Hello, it's me...

Welcome to the new blog! Did you miss me? Did you have a good summer? Did you travel? Staycation? If we haven't talked, I want to hear from you!

So just to recap, for those of you who have followed me along the way (and newcomers who have no idea where they've landed), back in June I decided to shut down Creating My Monster (CMM) after 7 years keeping it going. I think I had subconsciously decided to do this long before, as you can see from my lack of posting towards the end, but one day I finally decided that it was time once and for all and I pulled the plug. 

CMM was created out of a need for self expression in a very grey and lonely period of my life; a place I could creatively pour my troubles into, keep a diary of sorts about my medical journey TTC, and later my pregnancy. But, also, there was a possibly to help others through their own personal journey's too. It was a time of struggle, self discovery, failure, determination and, ultimately, triumph. If anything I wrote helped just one person through their own struggle, then I am truly rewarded for all of the time I invested into CMM. But the main focuses of CMM (TTC, PCOS and IVF) are certainly not all of who I am, despite the fact that they consumed a decade of my life. While they will always be a part of my journey, they do not dictate it anymore.
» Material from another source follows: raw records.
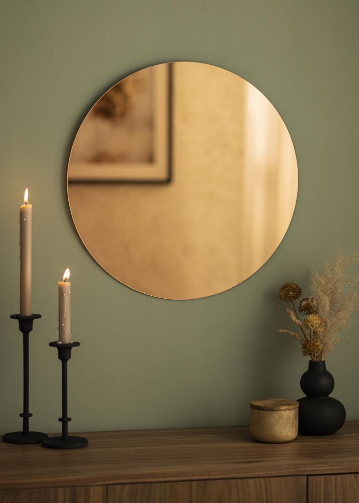 Lo specchio rotondo KAILA Rose Gold è disponibile in diverse dimensioni, di cui questo modello ha una dimensione di 50 cm Ø.
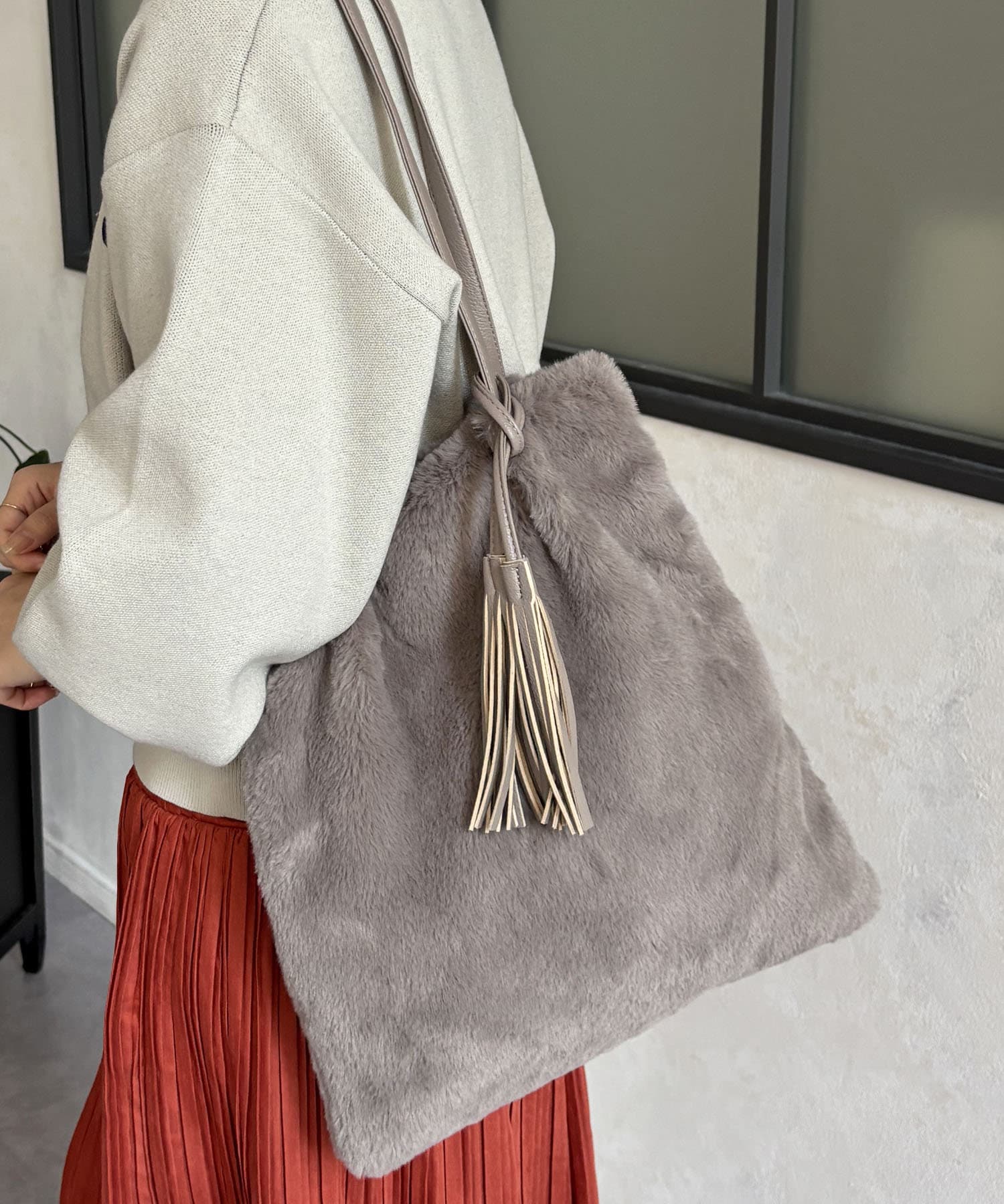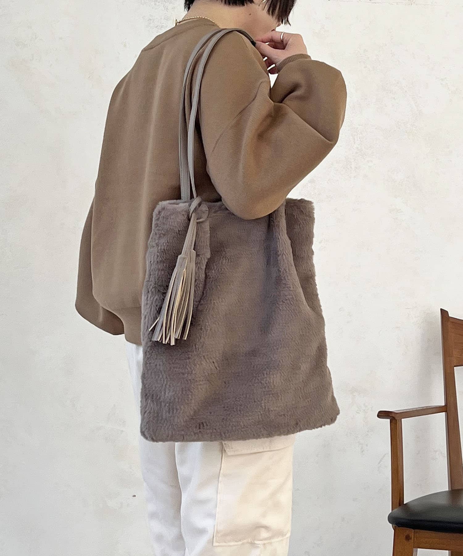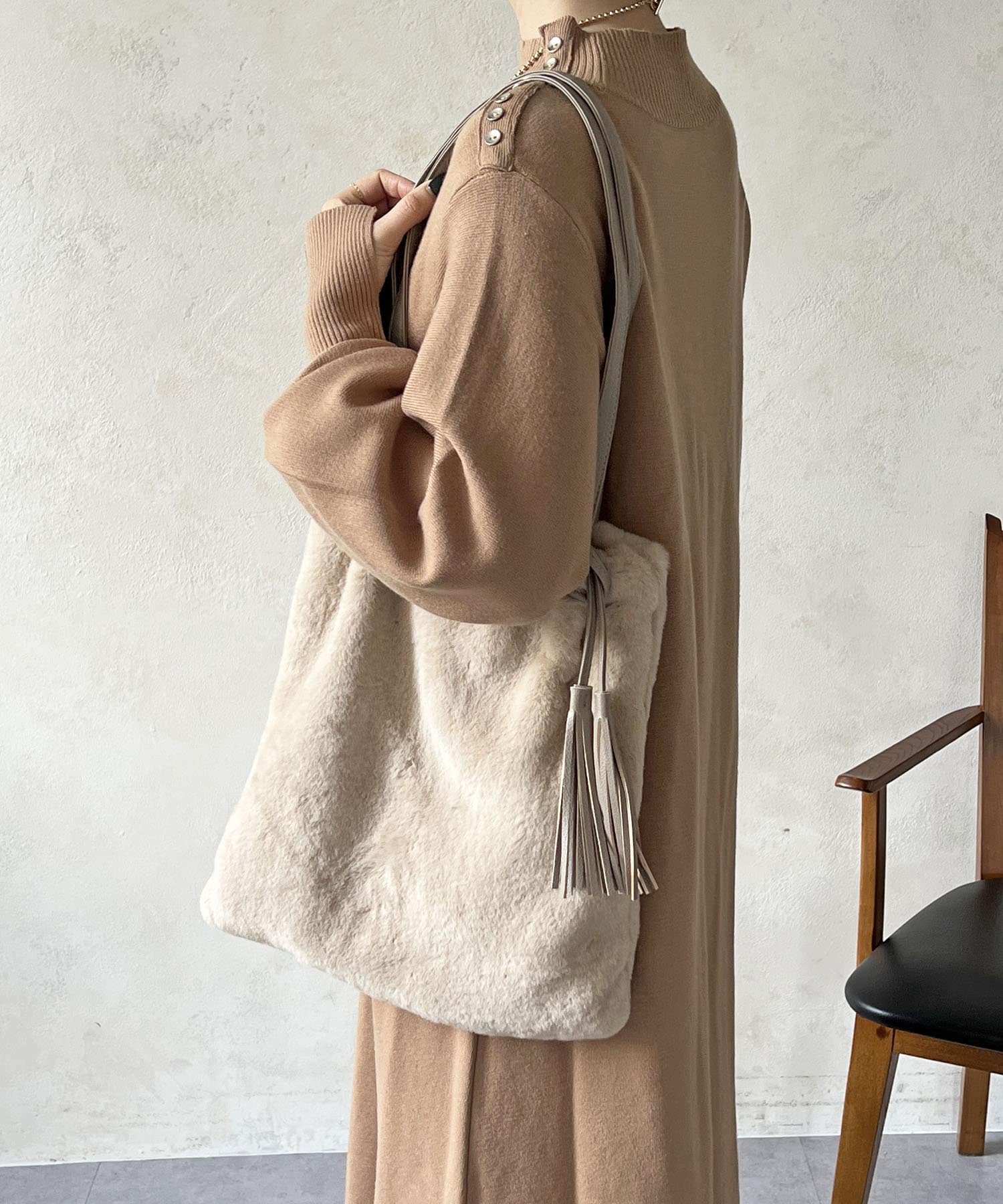 ・毛足長めのファーで上品な印象に
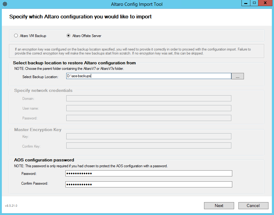 - Die Altaro Offsite Server-Konsole darf nicht geöffnet sein
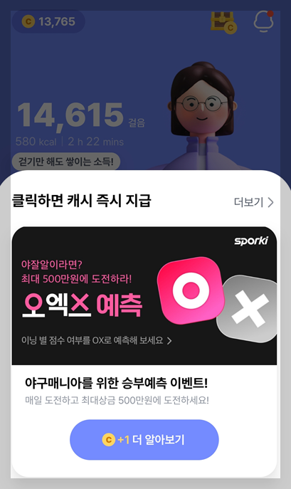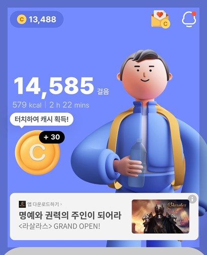 기본적으로 하루 만보를 걸으면 최대 30 캐시를 받습니다
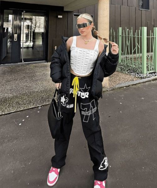 Além do visual arrumadinho, os looks com corset também transitam no universo streetwear, e diga-se de passagem, funcionam super bem. Combine o modelo com uma calça com vibe mais esportiva – como esse modelo que lembra um uniforme de motocross -, uma jaqueta puffer bem estilosa e volumosa, e para os pés, um par de tênis da moda.
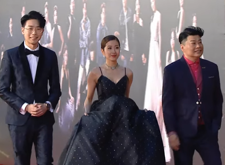 首先这个背景板和红毯就吸引了网民的注意,果然是朴实无华的TVB审美了。
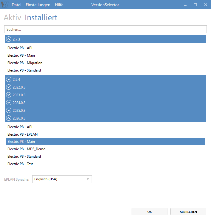 Folgendes Bild zeigt den Dialog mit den verfügbaren EPLAN-Installationen:
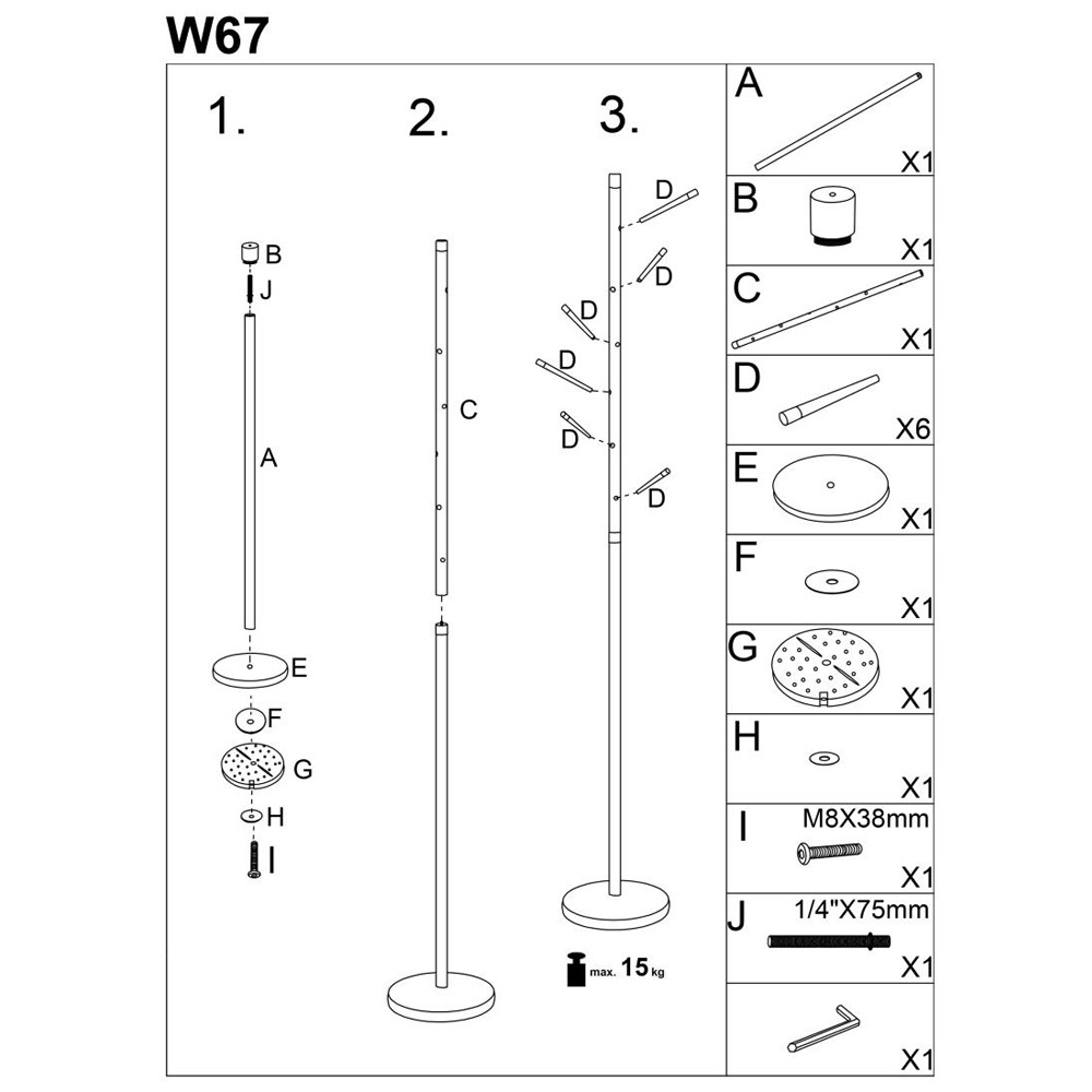 Cu un diametru al bazei de 28 cm si o inaltime de 174 cm, cuierul HM W67 ocupa putin spatiu, dar ofera suficient loc pentru a organiza eficient hainele, gentile sau accesoriile. Este prevazut cu 6 agatatori rezistente, dispuse ergonomic pentru a permite distribuirea greutatii si a evita aglomerarea. Fiecare agatatoare suporta pana la 1 kg, conform recomandarilor producatorului, oferind astfel o solutie echilibrata si durabila pentru uz zilnic.

When I shut down CMM, I wasn't completely sure that I wanted to keep writing so publicly and I needed a break, in general, so I devoted the rest of the summer to reconnecting with my family, my friends, books, movies and, of course, myself; my thoughts, my creativity, my health and my precious (lacking) sleep too! However, not far into my hiatus, I realized that I did want to continue blogging but that I needed a fresh, new, start and this is when "I Am - Because You Are" was born... the Summer of 2017! 

If you are following me across multiple social platforms some things may seem repetitive, and similarly like you are stalking me, but I do plan to have mostly unique content here as I have had in the past. Specifically, anything and everything relating to the new chapter in my life, which includes the very special and honorary title... MOM. 

As I write this post, I can't believe that our little girl we tried so desperately for is about to turn 2 years old! She is everything we dreamed of and so much more. She is funny, smart, gentle and kind. She has a strong character, is wildly independent and has a wonderful, magnetic personality. Her smile and the sound of her laughter are infectious. I may have given her life, but life gave me the chance to be her Mama and she was exactly what I needed to feel whole for the first time ever. 

I am everything that I am, now, because of her.

I am not a perfect mother, but when I look at my daughter I know that I am doing something incredibly right. She is happy, and generally healthy, and that makes me smile. My hands are full juggling a home, a full time job, my health, frequent periods of "single parenting" and a million other things.... but my heart is full now too, and it's a wonderful feeling. It wasn't an easy road to travel, getting where I am today. But life isn't about waiting for the storm to pass, it's about learning to dance in the rain!